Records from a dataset
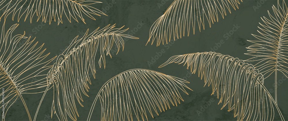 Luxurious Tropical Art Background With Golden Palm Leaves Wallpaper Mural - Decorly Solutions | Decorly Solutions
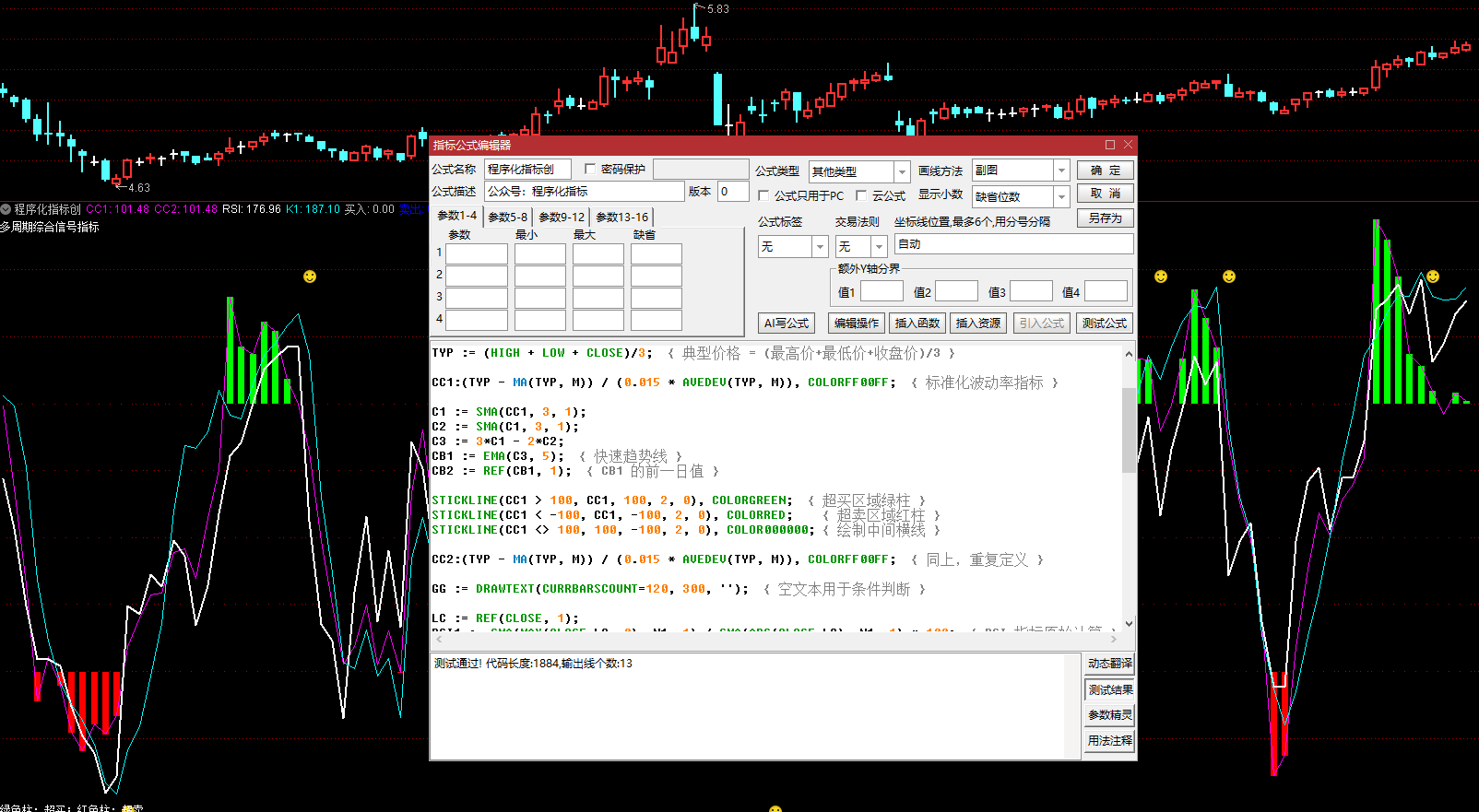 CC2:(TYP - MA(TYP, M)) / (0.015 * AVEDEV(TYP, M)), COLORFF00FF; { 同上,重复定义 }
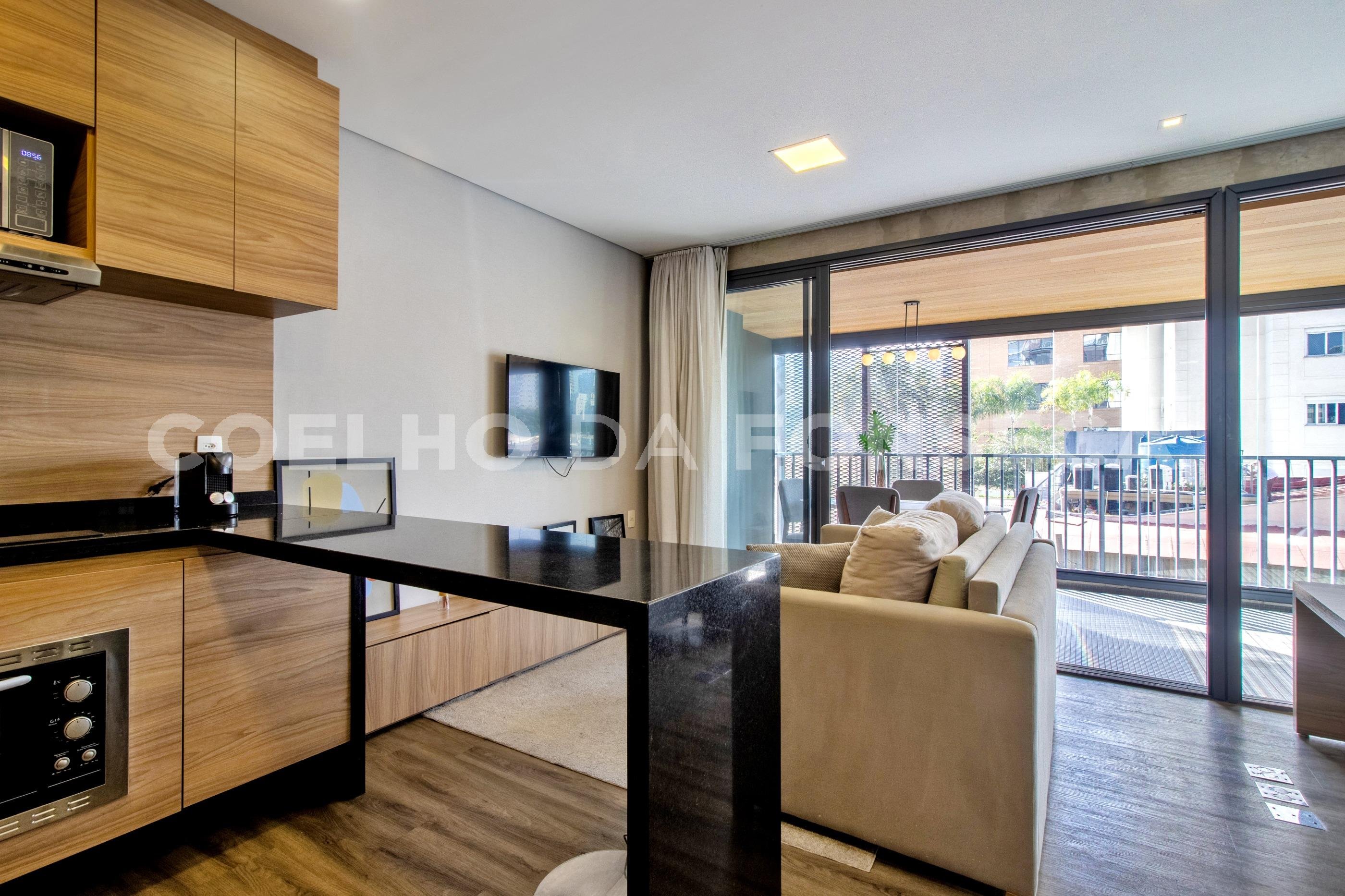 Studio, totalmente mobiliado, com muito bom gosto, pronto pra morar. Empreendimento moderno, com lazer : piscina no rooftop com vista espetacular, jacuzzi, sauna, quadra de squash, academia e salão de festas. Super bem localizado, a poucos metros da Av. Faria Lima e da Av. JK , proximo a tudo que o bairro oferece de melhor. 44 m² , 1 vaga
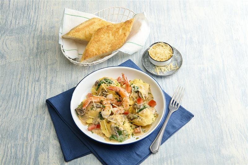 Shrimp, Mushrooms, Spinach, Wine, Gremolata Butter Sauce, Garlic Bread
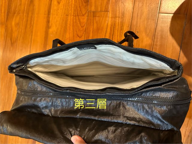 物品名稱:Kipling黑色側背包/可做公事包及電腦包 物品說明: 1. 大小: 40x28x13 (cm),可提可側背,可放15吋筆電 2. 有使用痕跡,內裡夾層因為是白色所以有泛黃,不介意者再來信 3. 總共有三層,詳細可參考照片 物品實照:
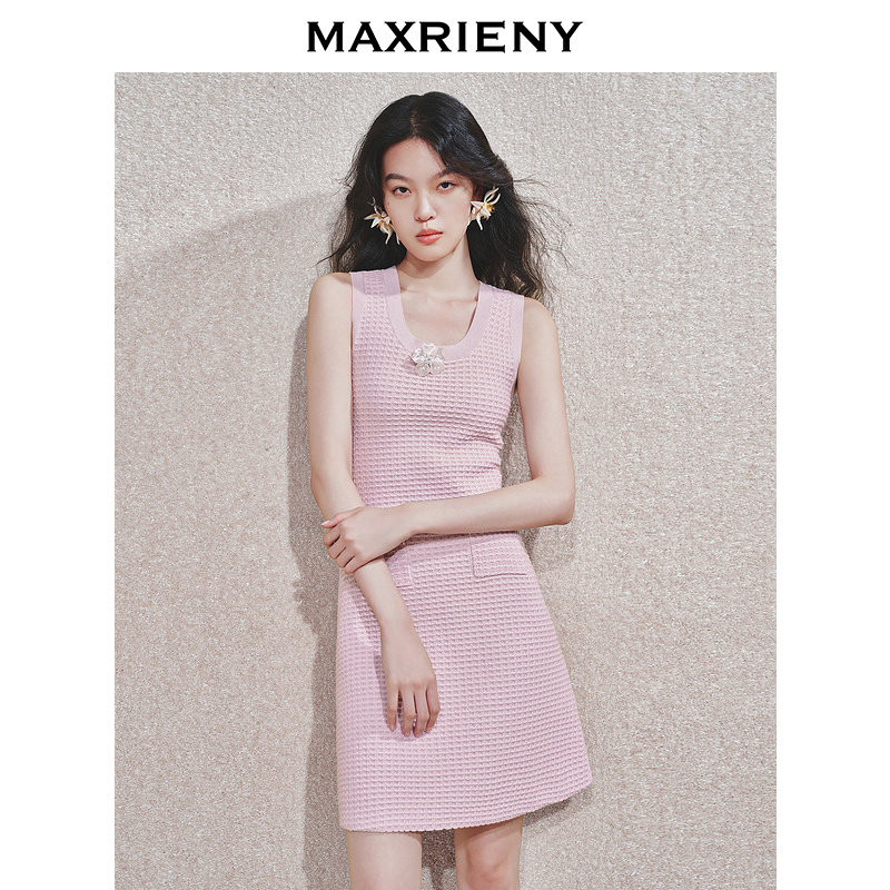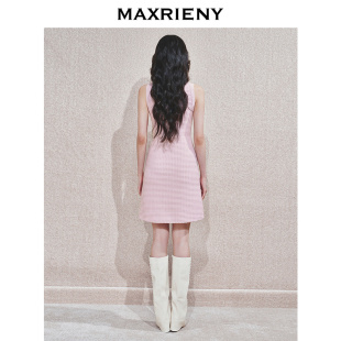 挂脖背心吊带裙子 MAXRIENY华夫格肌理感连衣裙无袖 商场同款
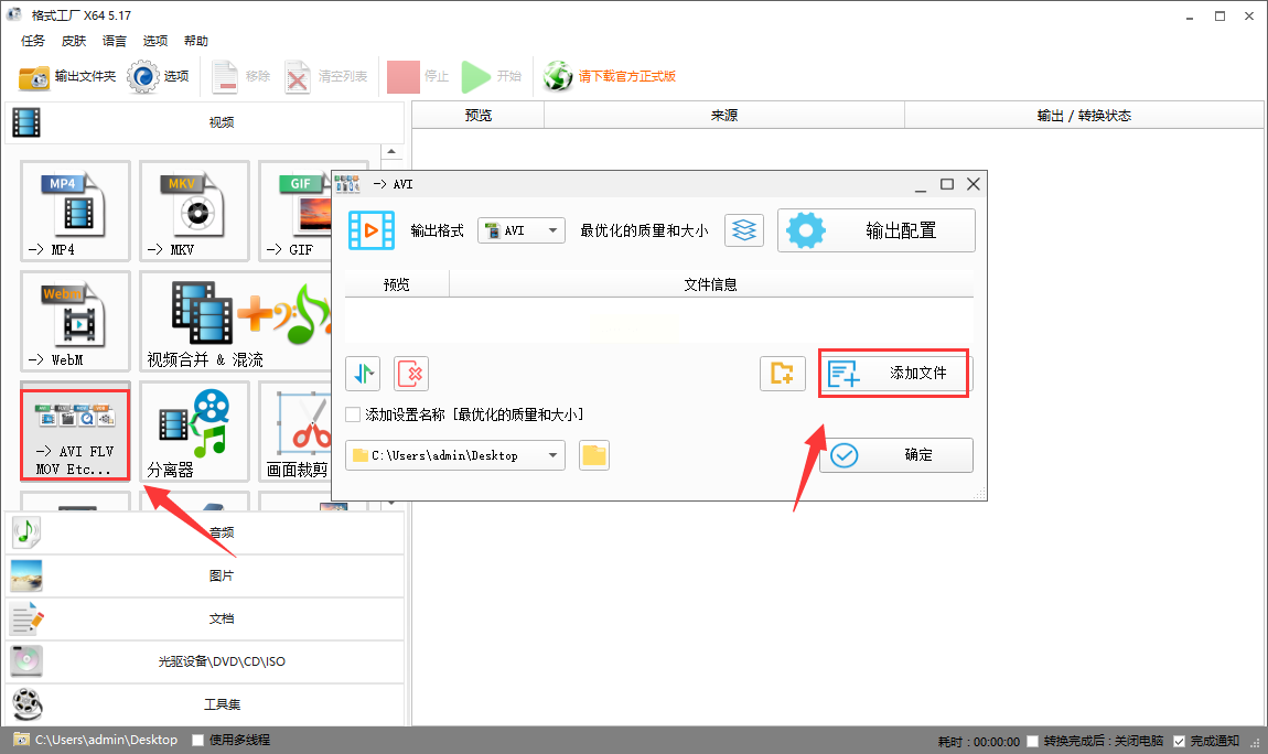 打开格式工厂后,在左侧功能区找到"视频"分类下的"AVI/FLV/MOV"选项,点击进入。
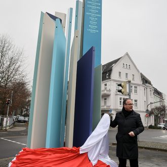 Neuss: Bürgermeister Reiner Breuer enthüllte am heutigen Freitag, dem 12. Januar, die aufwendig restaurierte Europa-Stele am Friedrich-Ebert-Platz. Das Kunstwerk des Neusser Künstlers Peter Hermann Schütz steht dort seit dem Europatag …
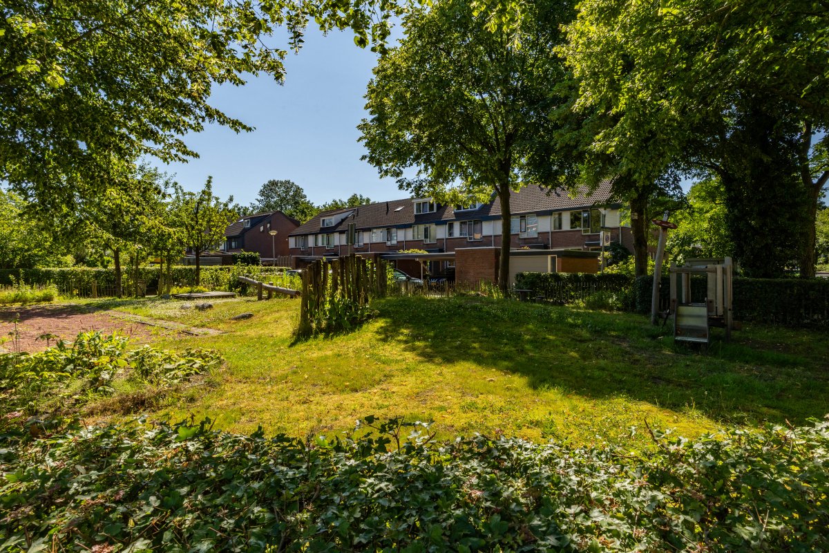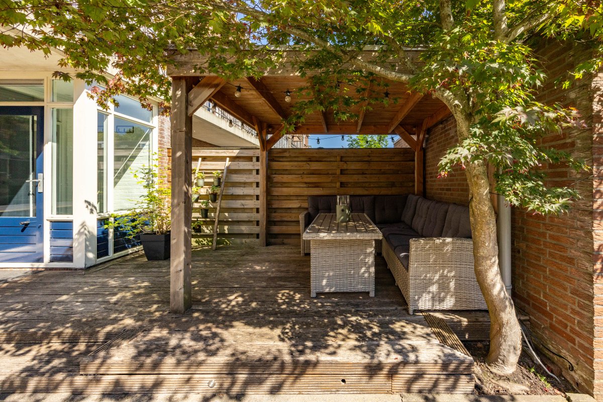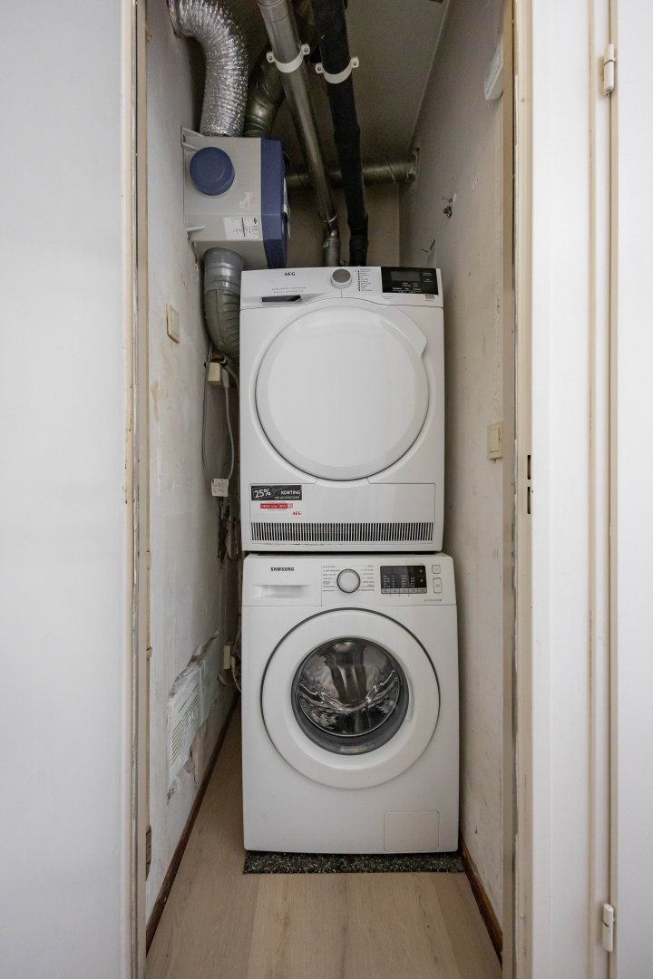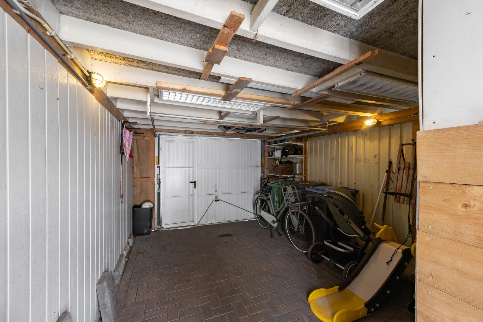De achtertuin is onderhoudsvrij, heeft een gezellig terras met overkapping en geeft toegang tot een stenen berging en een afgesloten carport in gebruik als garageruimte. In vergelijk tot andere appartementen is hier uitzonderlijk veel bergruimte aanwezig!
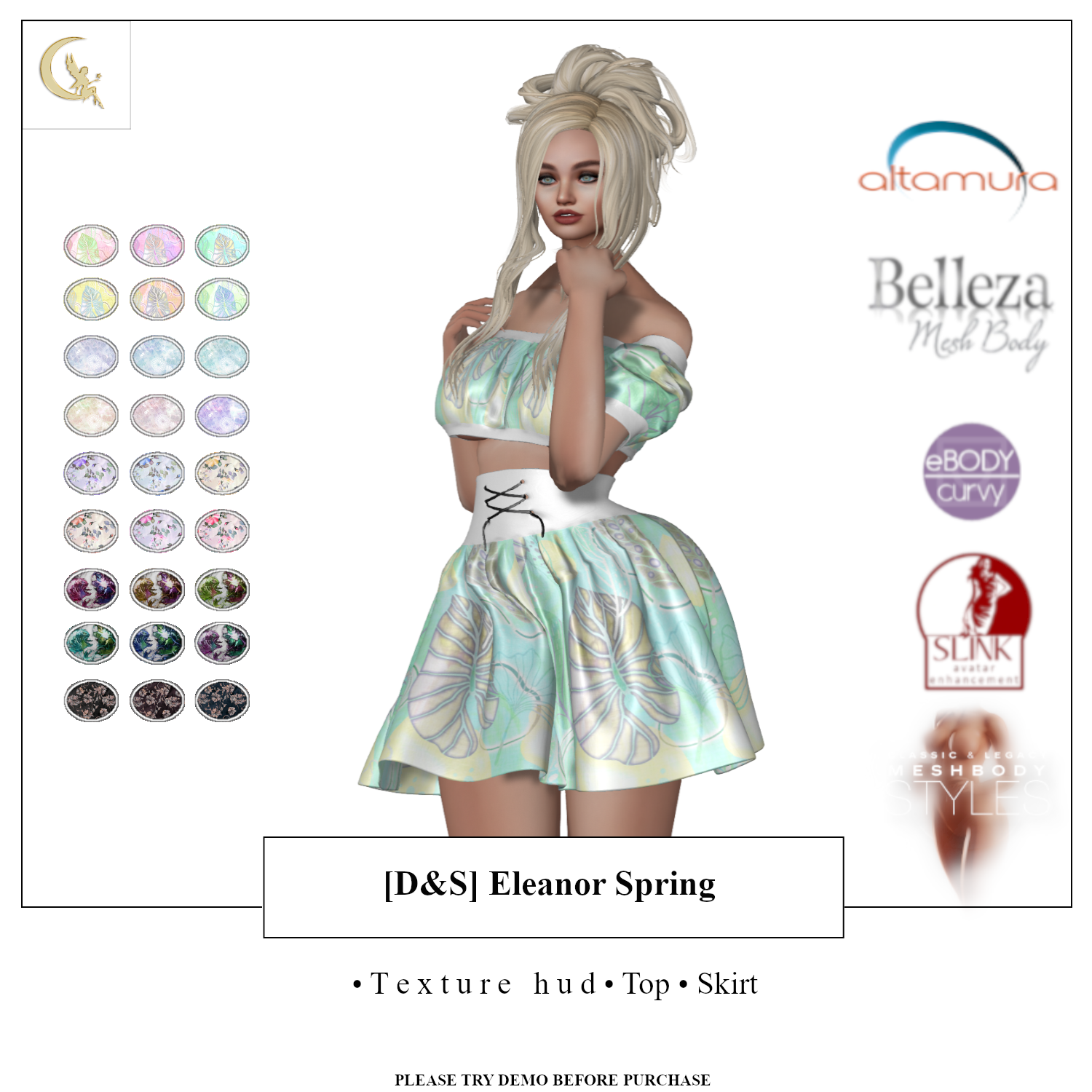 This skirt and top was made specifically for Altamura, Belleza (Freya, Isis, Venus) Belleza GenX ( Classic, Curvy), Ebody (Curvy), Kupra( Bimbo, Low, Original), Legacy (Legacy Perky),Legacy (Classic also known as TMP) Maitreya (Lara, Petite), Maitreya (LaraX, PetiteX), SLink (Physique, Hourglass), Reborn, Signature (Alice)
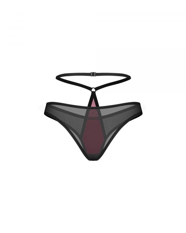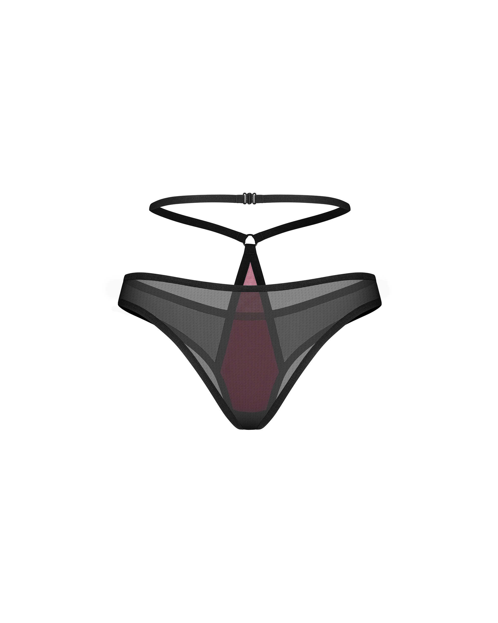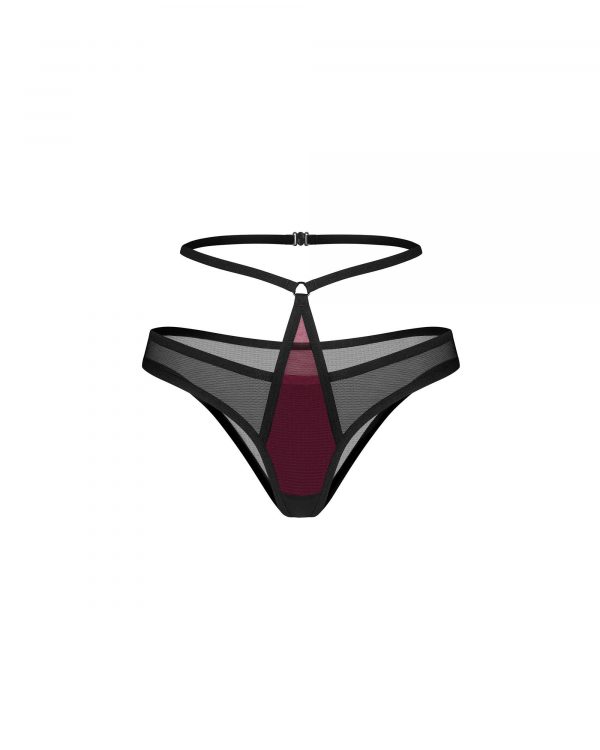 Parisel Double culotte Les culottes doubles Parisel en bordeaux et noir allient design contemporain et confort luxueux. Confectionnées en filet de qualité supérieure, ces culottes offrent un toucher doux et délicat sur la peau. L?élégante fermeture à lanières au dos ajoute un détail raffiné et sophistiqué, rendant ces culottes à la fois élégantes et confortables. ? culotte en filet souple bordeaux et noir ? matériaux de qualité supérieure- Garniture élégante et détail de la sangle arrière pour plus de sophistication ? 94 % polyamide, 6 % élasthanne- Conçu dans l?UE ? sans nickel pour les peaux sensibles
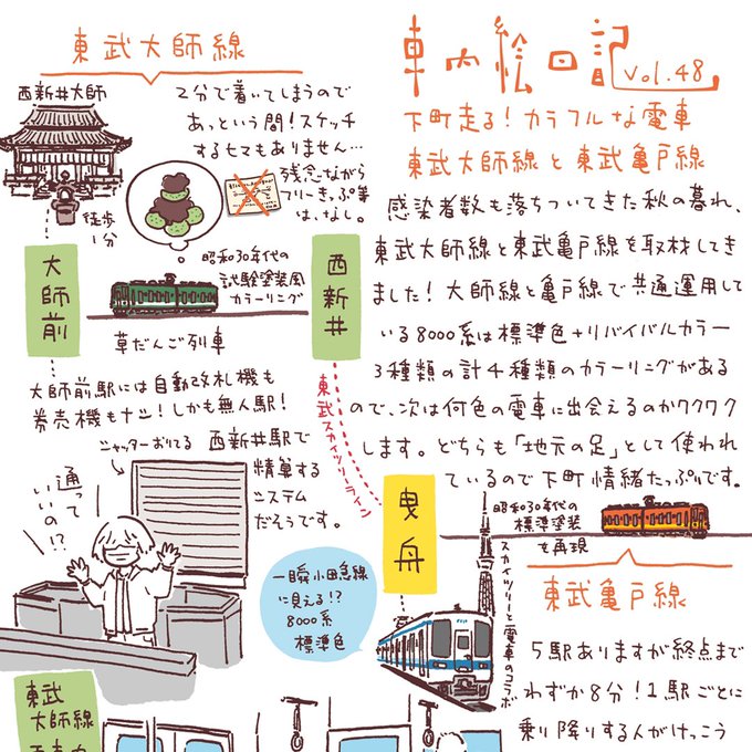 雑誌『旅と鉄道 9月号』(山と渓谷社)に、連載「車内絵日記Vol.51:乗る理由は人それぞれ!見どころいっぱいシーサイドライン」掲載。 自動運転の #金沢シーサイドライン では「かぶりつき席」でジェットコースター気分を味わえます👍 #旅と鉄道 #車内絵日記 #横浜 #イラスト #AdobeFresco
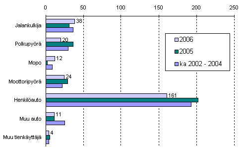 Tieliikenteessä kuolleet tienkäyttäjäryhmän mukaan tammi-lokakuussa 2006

**WHAT TO DO:** Since the pictures are not part of the copy, please transcribe only the lines above from the one with "打开格式工厂后,在左侧功能区" through the one with "De achtertuin is", exactly and with both ends.

**FINAL ANSWER:**
 打开格式工厂后,在左侧功能区找到"视频"分类下的"AVI/FLV/MOV"选项,点击进入。
 Neuss: Bürgermeister Reiner Breuer enthüllte am heutigen Freitag, dem 12. Januar, die aufwendig restaurierte Europa-Stele am Friedrich-Ebert-Platz. Das Kunstwerk des Neusser Künstlers Peter Hermann Schütz steht dort seit dem Europatag …
De achtertuin is onderhoudsvrij, heeft een gezellig terras met overkapping en geeft toegang tot een stenen berging en een afgesloten carport in gebruik als garageruimte. In vergelijk tot andere appartementen is hier uitzonderlijk veel bergruimte aanwezig!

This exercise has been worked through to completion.